Baldness and Irony

Getting out of the car to make a visit I was suddenly aware of a very loud buzzing.  Some flying creature had managed to get itself caught up in my hair, so with a flick of my head I swung my hair in an attempt to free the beast.

The buzzing just got louder.

Car door still open I stood in the middle of the quiet suburban road, bent over, and with my hair now hanging loose and shook my head.

The buzzing continued and was sounding somewhat agitated, something was well and truly stuck.

One more flick and I felt the tickle of an insects feet on my forehead.

Then I did – what I know you should never do but I did it anyway because I wasn’t thinking straight and panicked.  I started dancing about like some mad woman in the middle of the street flicking my hair by tossing my head and using my hands.  Then it happened a sharp prick just above my right eyebrow followed very quickly by a throbbing across my forehead and down my right cheek.  I might have squealed – I know hard to imagine but then again I did panic so it is highly possible.

By now ‘G’ who I was on my way to visit had noticed some lunatic jumping outside her house and making an educated guess was approaching with a can of fly killer.  I am pretty sure it was the owner of the sting not me she was trying to get with the half can of fly killer she then proceeded to shower me with!  The fact that my hair didn’t stay sticking straight up like some mohican suggests fly spray isn’t a suitable alternative to hair spray, if you were wondering.

I wasn’t sure at this point what had stung me a quick look in the wing mirror told me that a sting was now attached to me rather than the bee it should have been attached to.

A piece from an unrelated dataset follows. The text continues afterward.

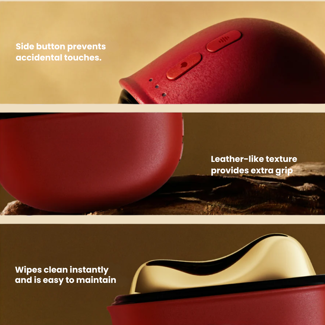 The LED tri-level power status indicator will light up individually when the Gua Sha is on to show its charge level in increments of 33%.

We got into ‘G’s’ home and I managed to squeeze the sting out – I got a gold star from Damien later for that – then put some vinegar on it.  Shaken and stirred I sat in ‘G’s’ living room drinking water and trying to pretend nothing had really happened.  My eyebrow was sore but I wasn’t overly concerned, we chatted and laughed.  I declined the biscuits and the wine, then relented and had a jaffa cake (they are like the Borgs to me resistance to them is futile).  Then the pins and needles started (just like the kind you get when the anaesthetic from the dentist starts to wear off), my heart started to race, a quick touch of the site caused pain to shoot around and behind my right eye.  Never having been stung by a bee before, and being aware of all kinds of horror stories about bee stings, I thought it wise to make my apologies and go seek some professional advice.

At the local chemist Damien the pharmacist, took my pulse, asked me some questions and decided that I wasn’t having anything more than a mild allergic reaction so gave me a pill and water and told be to stay put for ten minutes, after which he came checked my pulse again and told me I could go.

Now back home I have a half puffed up eye and a very tender right side to my face, but at least I know I am not seriously allergic to bee stings.

What you may be wondering has all that to do with baldness and irony.  Well if I had been bald then the bee wouldn’t have got caught up in my hair in the first instance; and I posted a picture of that bees distant cousin on this blog not that many days ago because I was enchanted by its beauty.  I will never look at bees the same again, actually I can’t at the moment with my eyelid hooding over!


2 thoughts on “Baldness and Irony

  1. The irony is that the aggressor possibly *was* a honey-bee! Bumblebees rarely sting unless provoked. Though, come to think of it…

    Anyway, (virtual) tea and (real) sympathy.